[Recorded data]
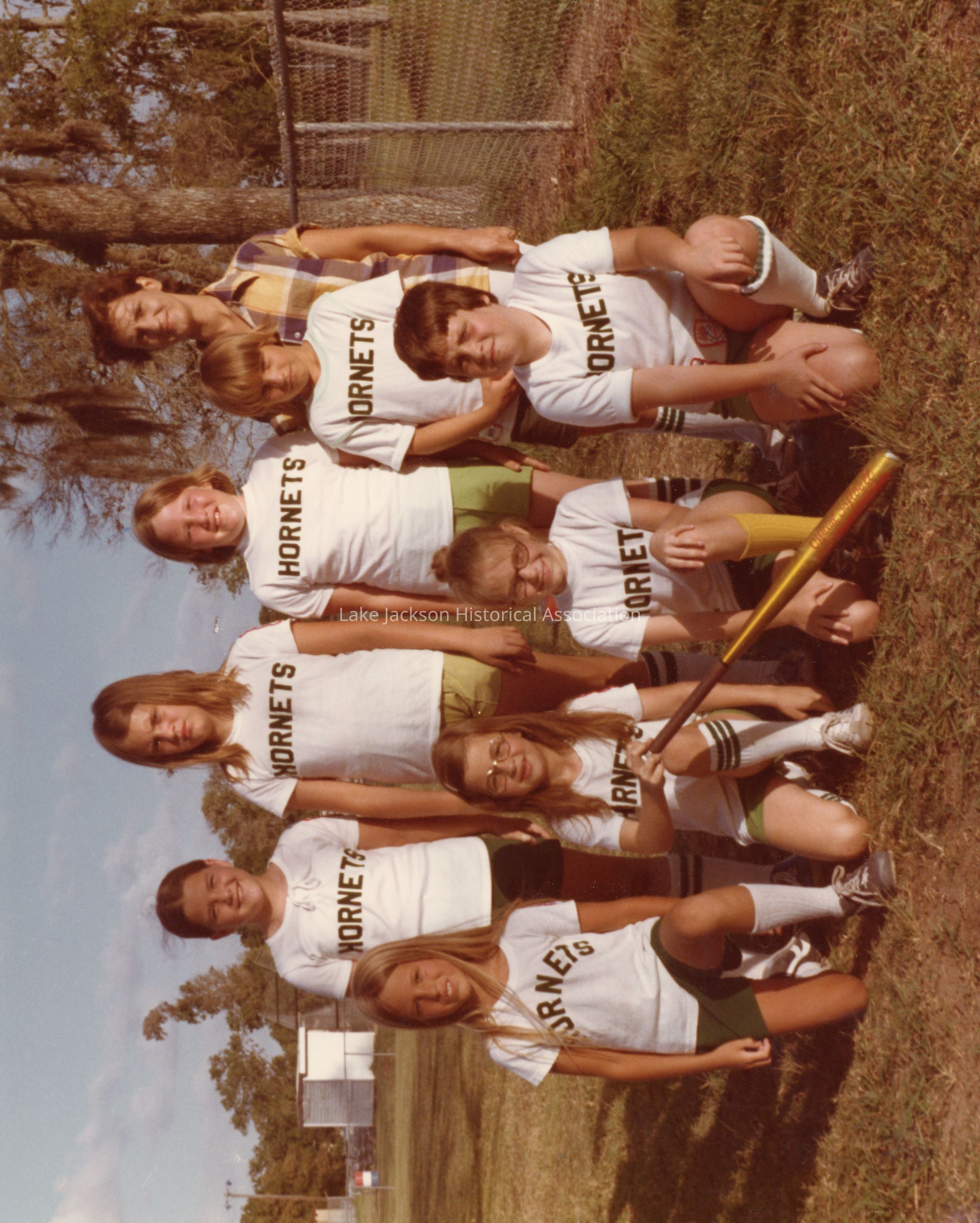 Photo of girls' softball team "The Hornets" in 1976; Coach is K. Simpson.Collection
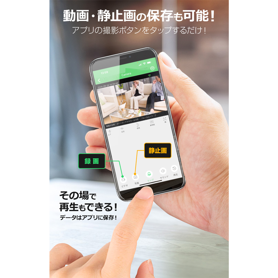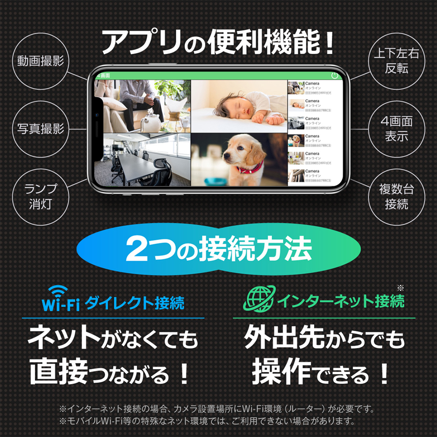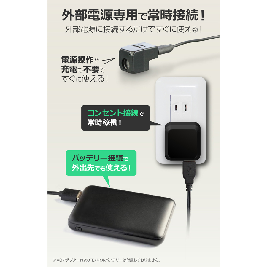 | 製品機能 | 動画撮影, 静止画撮影, 外部電源, 繰り返し録画, オート録画, Wi-Fi接続(ダイレクト接続・インターネット接続)※一部機能はスマートフォンやタブレットが必要となります |
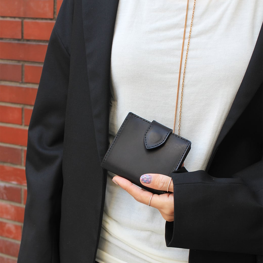 ⼥性の⼿にも収まりがいいので、ユニセックスで使えるミニ財布です
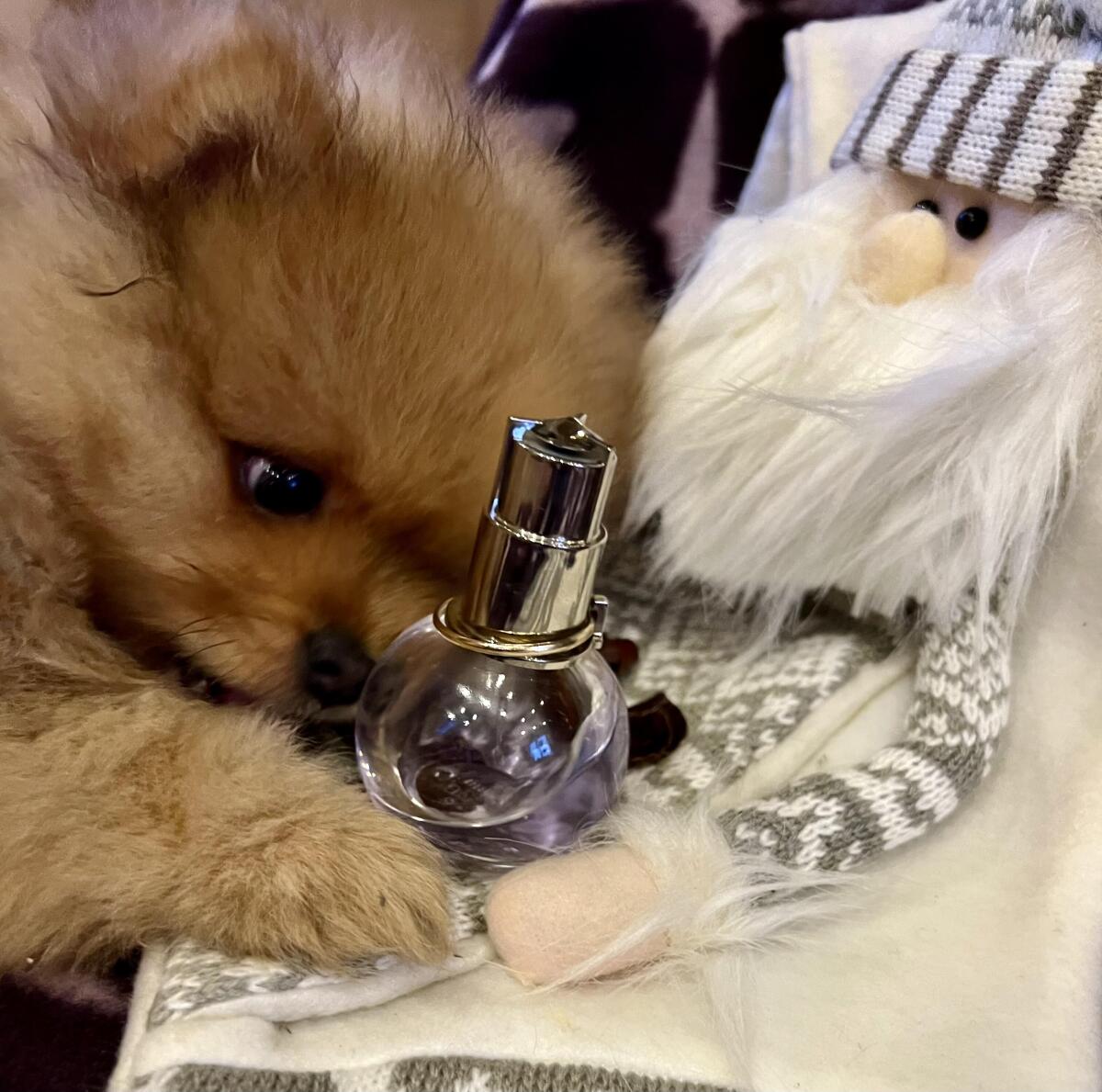 Parfém, něžný, trochu sladký, pudrový, uklidňujícím způsobem objímající a s neobyčejnou poetikou, která má moc vyzařovat neuvěřitelnou auru klidu a bezpečí.
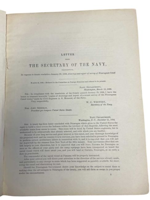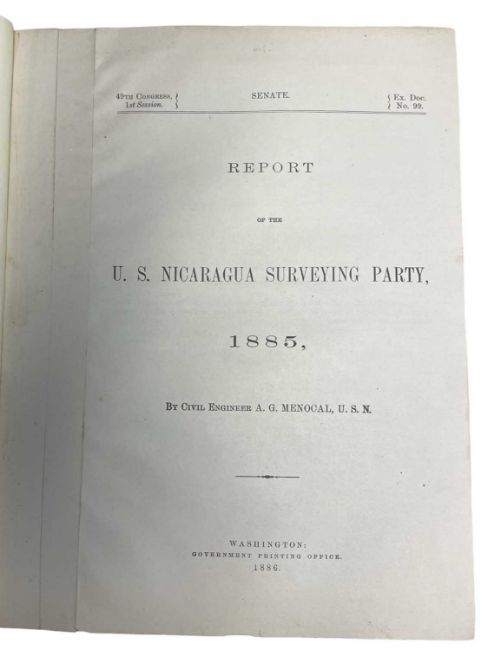 A G MENOCAL: REPORT OF THE US NICARAGUA SURVEYING PARTY 1885, Washington, Government Printing Office, 1886. Bound in contemporary black cloth , comprising many fold-out charts, maps etc and further illustrative plates

EXERCISE DETAILS: Say again, word for word, every line from the one with "Parfém, něžný, trochu" through the last line of the data above, minus the pictures.

OUTPUT BELOW:
 Parfém, něžný, trochu sladký, pudrový, uklidňujícím způsobem objímající a s neobyčejnou poetikou, která má moc vyzařovat neuvěřitelnou auru klidu a bezpečí.
 A G MENOCAL: REPORT OF THE US NICARAGUA SURVEYING PARTY 1885, Washington, Government Printing Office, 1886. Bound in contemporary black cloth , comprising many fold-out charts, maps etc and further illustrative plates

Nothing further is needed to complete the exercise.